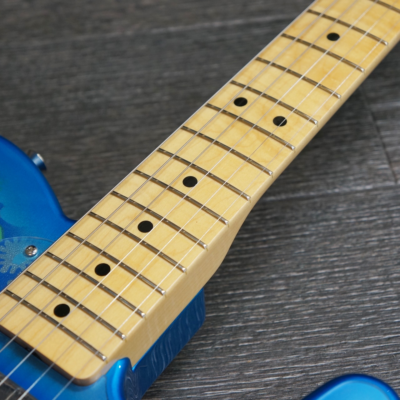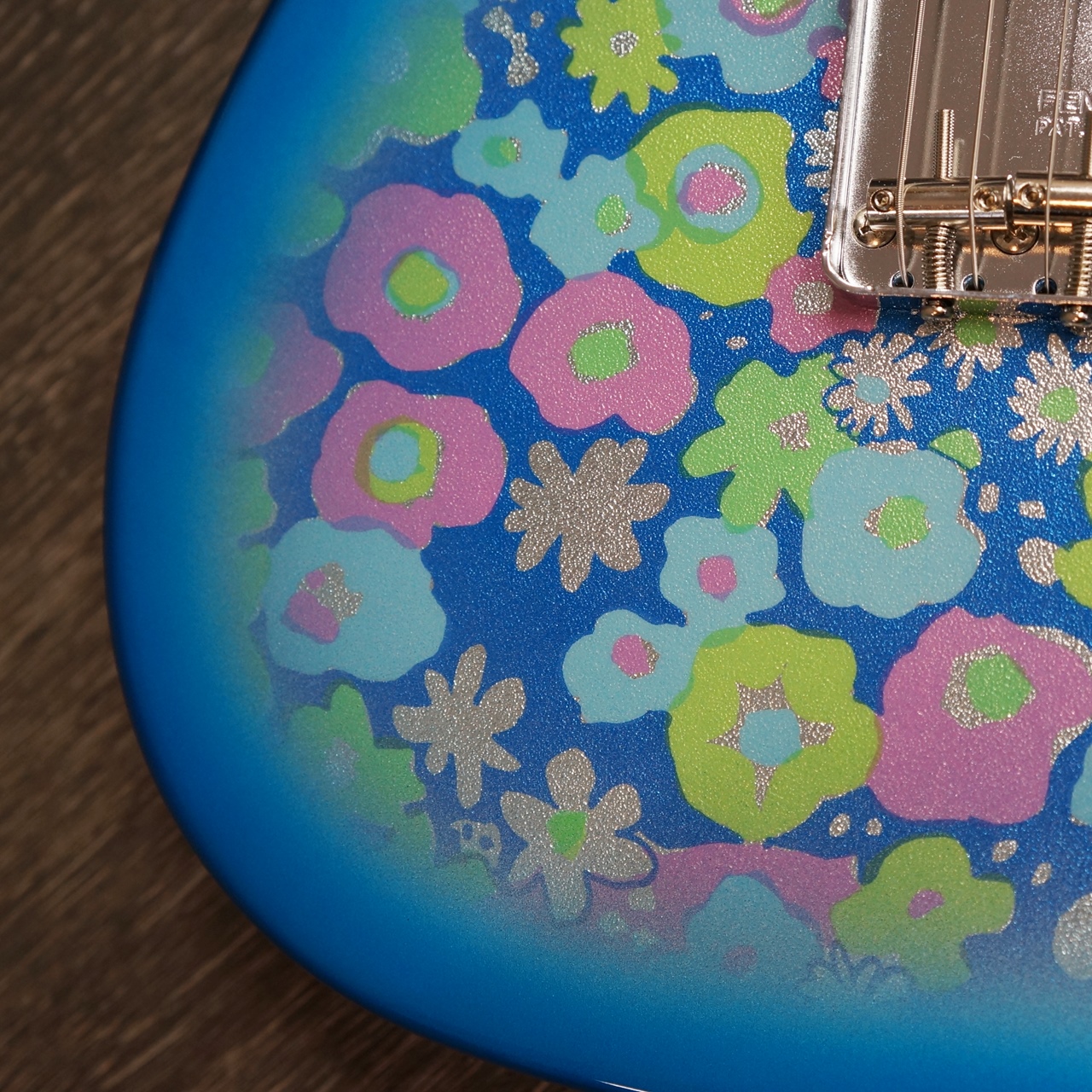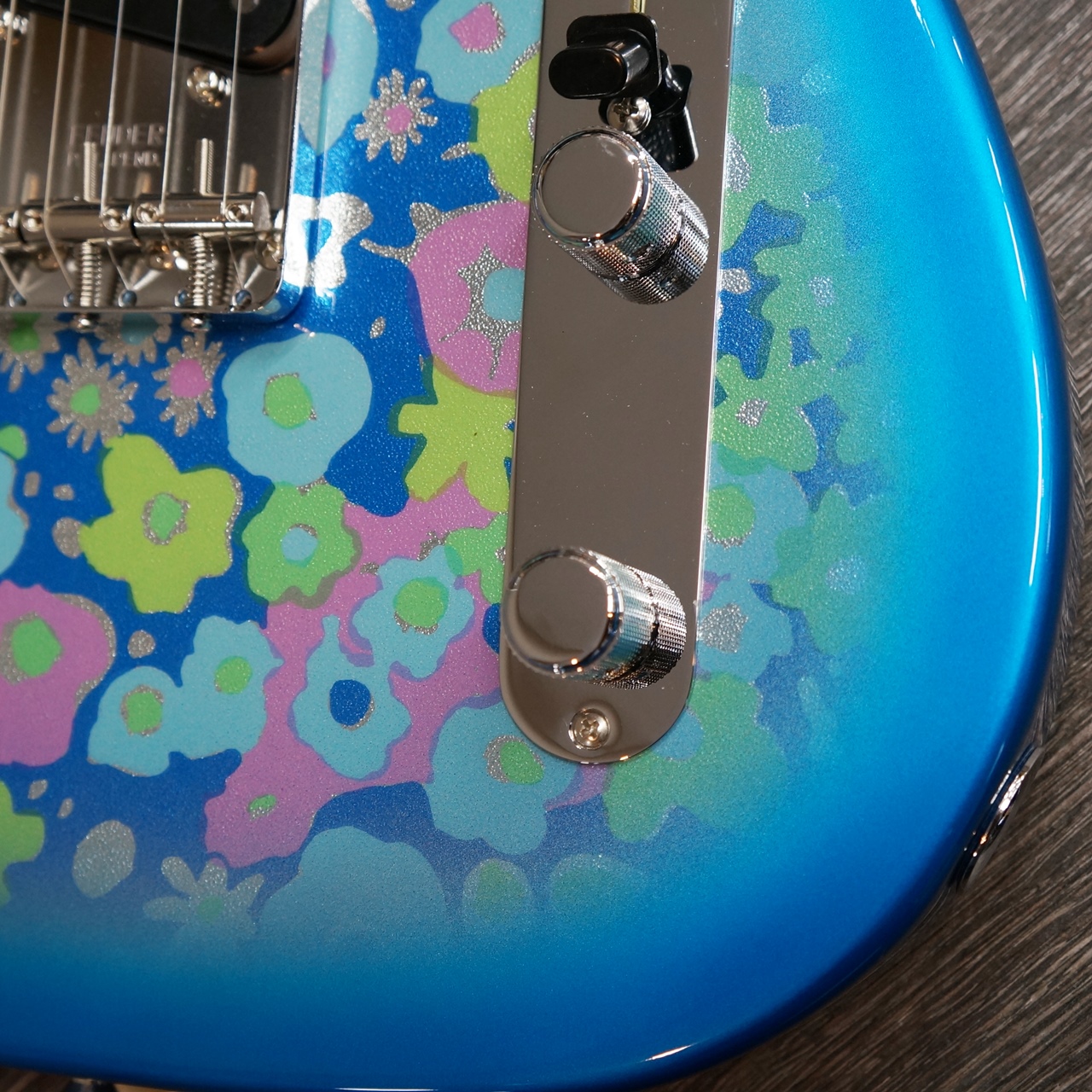 Made in Japan Limited Telecaster® Blue Flowerは、Blue Flowerのシートを貼り付けた、グロスフィニッシュのアルダーボディを採用。
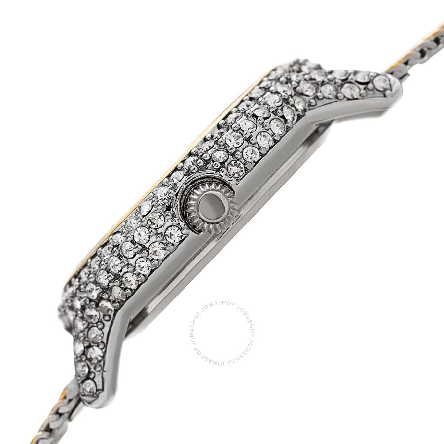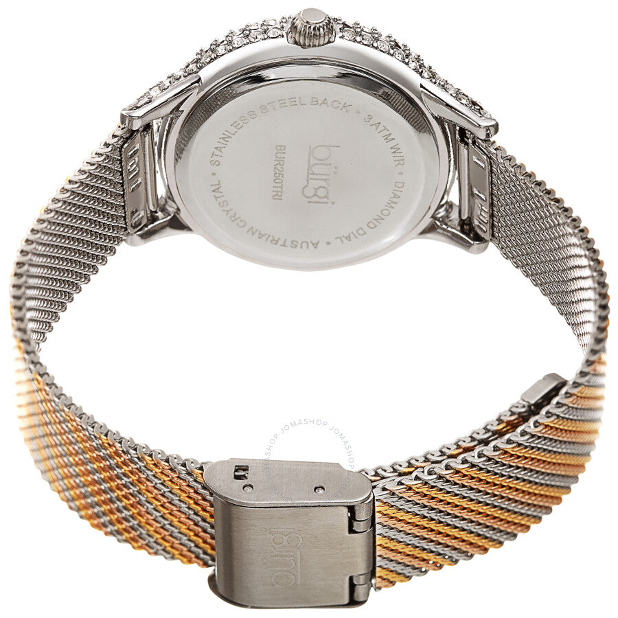 Silver-tone alloy case set (all over) with Swarovski crystals with a two-tone (silver-tone and gold-tone) stainless steel mesh bracelet. Fixed gold-tone alloy bezel set with Swarovski crystal. Silver dial with gold-tone leaf-style hands. Diamonds mark the 3, 6, 9 and 12 o'clock positions. Dial Type: Analog. Quartz movement. Scratch resistant mineral crystal. Pull / push crown. Solid case back. Round case shape. Case size: 34 mm. Case thickness: 7 mm. Band width: 14 mm. Band length: 8.5 inches. Fold over slip through clasp. Water resistant at 30 meters / 100 feet. Functions: hour, minute, second. Fashion watch style. Burgi Quartz Diamond Silver Dial Ladies Watch BUR250TRI.
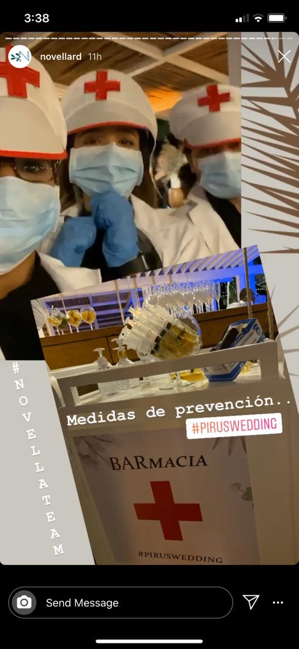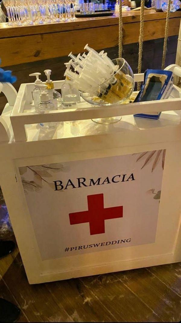 La empresa que organizó la boda, llamada Novella Wedding, le facilitó a los presentes en el lugar un pequeño espacio al cual le colocaron por nombre “Barmacia”. Allí había jeringas con alcohol.
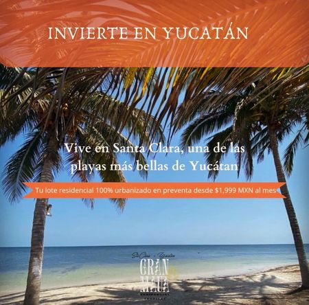 Oportunidad de inversión en Yucatán, terrenos residenciales, cerca de la playa, financiamiento propio enganche $36,000 y 60 mensualidades de $1,999 . Terrenos con 100% de certeza legal.
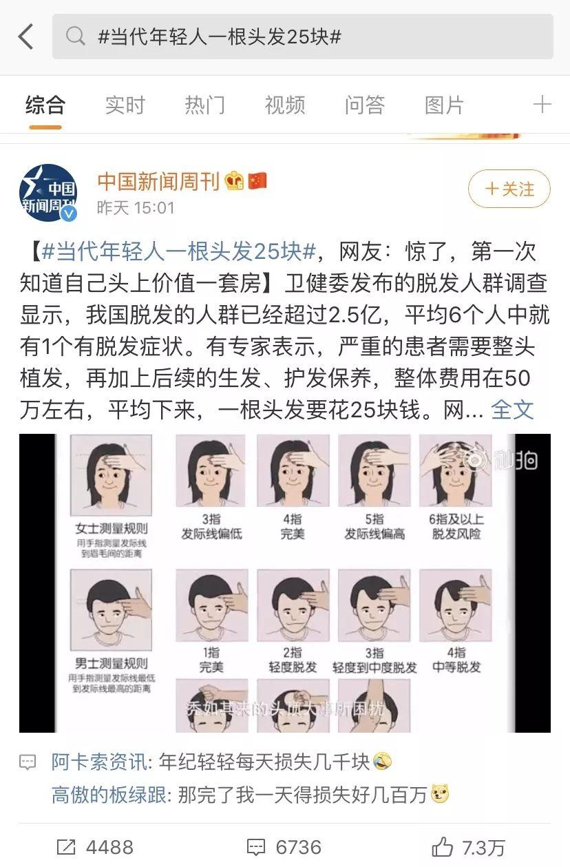 近小編被一條熱搜驚呆了,當(dāng)代年輕人一根頭發(fā)竟然要25塊;
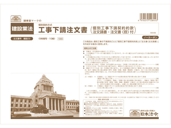 日本法令 工事下請注文書 ノーカーボン5枚複写 A4 建設29
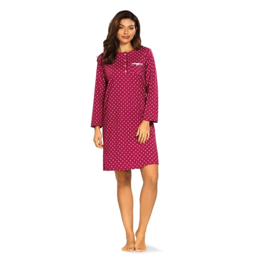 Een sierlijk dames nachthemd van Comtessa met lange mouwen en een perfecte pasvorm. De ronde hals heeft een knoopsluiting van 4 knopen. Dit bordeaux rood gekleurde nachthemd heeft een doorlopend fijn gebloemd patroon. Verder is het nachthemd ook voorzien van een borstzakje. De lengte van dit nachthemd is 100cm. Het is gemaakt van 100% gekamde katoen waardoor het een optimaal draagcomfort geeft voor de nacht!
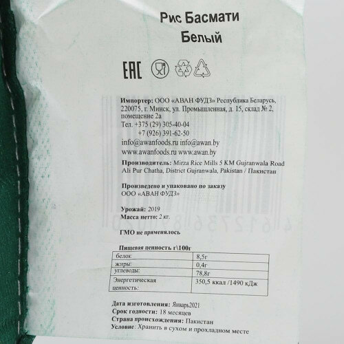 | Состав | Рис Басмати длиннозерный традиционный 100 % |
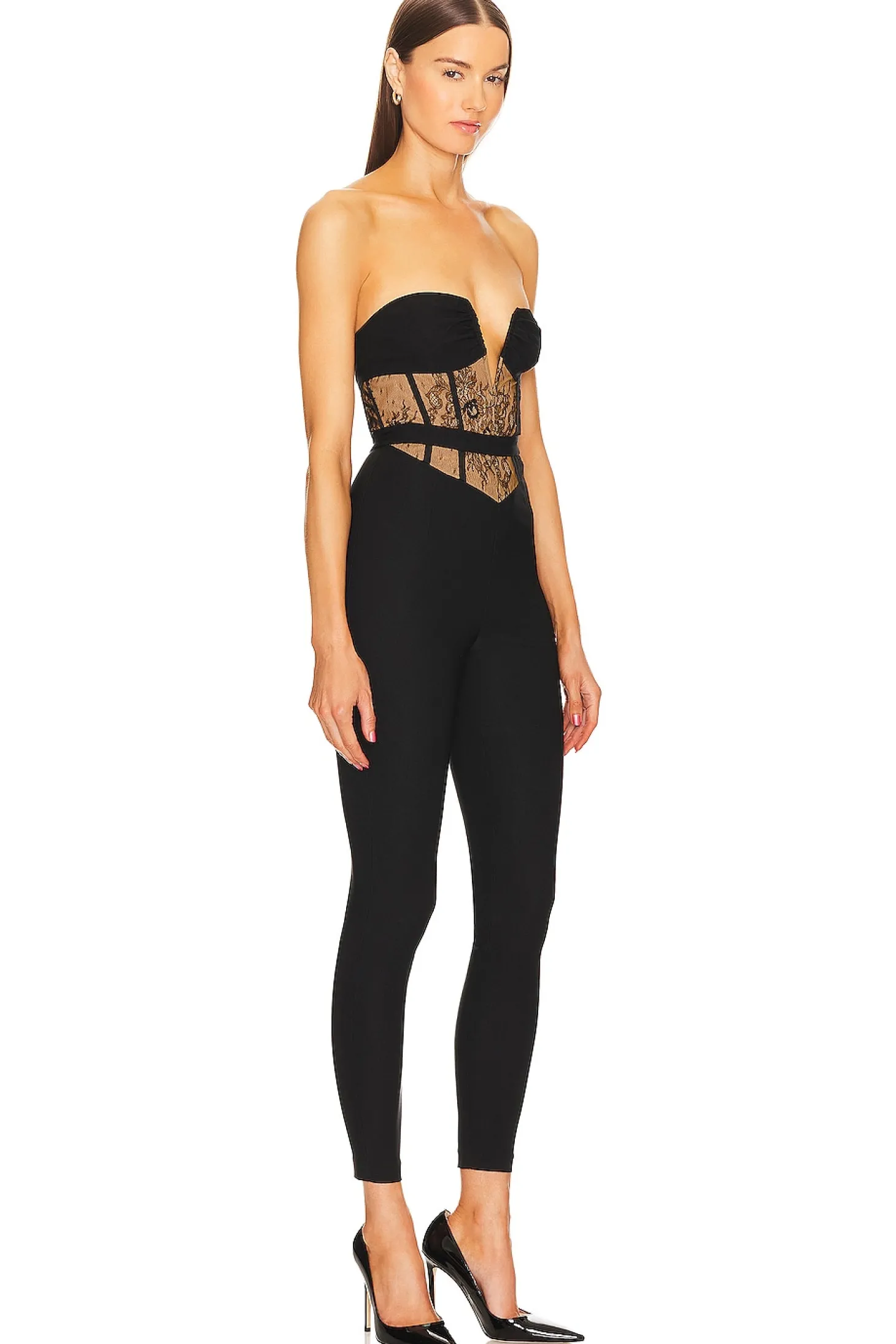 Meet the perfect black jumpsuit for the girl who travels in luxury- the Michael Costello x REVOLVE Billie Jumpsuit in Black. With a wired plunge neckline and lace bustier styling, it's your go-to for nights out in any town. Pack this piece for party perfection wherever the fun takes you- because fabulous is always on the itinerary..Self: 63% rayon 33% nylon 4% spandex Contrast Fabric: 100% nylon Lining: 90% polyester 10% spandex.Made in China.Hand wash.Hidden back zipper closure.V-wire front with boned bodice.Lace fabric overlay at bodice Crepe jersey fabric.Neckline to hem measures approx 48" in length 12" at the knee narrows to 8" at the leg opening

════

▸ What you should do
Repeat the data in full, exactly as it stands, but drop every picture.

▸ Response to the task
 Made in Japan Limited Telecaster® Blue Flowerは、Blue Flowerのシートを貼り付けた、グロスフィニッシュのアルダーボディを採用。
 Silver-tone alloy case set (all over) with Swarovski crystals with a two-tone (silver-tone and gold-tone) stainless steel mesh bracelet. Fixed gold-tone alloy bezel set with Swarovski crystal. Silver dial with gold-tone leaf-style hands. Diamonds mark the 3, 6, 9 and 12 o'clock positions. Dial Type: Analog. Quartz movement. Scratch resistant mineral crystal. Pull / push crown. Solid case back. Round case shape. Case size: 34 mm. Case thickness: 7 mm. Band width: 14 mm. Band length: 8.5 inches. Fold over slip through clasp. Water resistant at 30 meters / 100 feet. Functions: hour, minute, second. Fashion watch style. Burgi Quartz Diamond Silver Dial Ladies Watch BUR250TRI.
 La empresa que organizó la boda, llamada Novella Wedding, le facilitó a los presentes en el lugar un pequeño espacio al cual le colocaron por nombre “Barmacia”. Allí había jeringas con alcohol.
 Oportunidad de inversión en Yucatán, terrenos residenciales, cerca de la playa, financiamiento propio enganche $36,000 y 60 mensualidades de $1,999 . Terrenos con 100% de certeza legal.
 近小編被一條熱搜驚呆了,當(dāng)代年輕人一根頭發(fā)竟然要25塊;
 日本法令 工事下請注文書 ノーカーボン5枚複写 A4 建設29
 Een sierlijk dames nachthemd van Comtessa met lange mouwen en een perfecte pasvorm. De ronde hals heeft een knoopsluiting van 4 knopen. Dit bordeaux rood gekleurde nachthemd heeft een doorlopend fijn gebloemd patroon. Verder is het nachthemd ook voorzien van een borstzakje. De lengte van dit nachthemd is 100cm. Het is gemaakt van 100% gekamde katoen waardoor het een optimaal draagcomfort geeft voor de nacht!
 | Состав | Рис Басмати длиннозерный традиционный 100 % |
 Meet the perfect black jumpsuit for the girl who travels in luxury- the Michael Costello x REVOLVE Billie Jumpsuit in Black. With a wired plunge neckline and lace bustier styling, it's your go-to for nights out in any town. Pack this piece for party perfection wherever the fun takes you- because fabulous is always on the itinerary..Self: 63% rayon 33% nylon 4% spandex Contrast Fabric: 100% nylon Lining: 90% polyester 10% spandex.Made in China.Hand wash.Hidden back zipper closure.V-wire front with boned bodice.Lace fabric overlay at bodice Crepe jersey fabric.Neckline to hem measures approx 48" in length 12" at the knee narrows to 8" at the leg opening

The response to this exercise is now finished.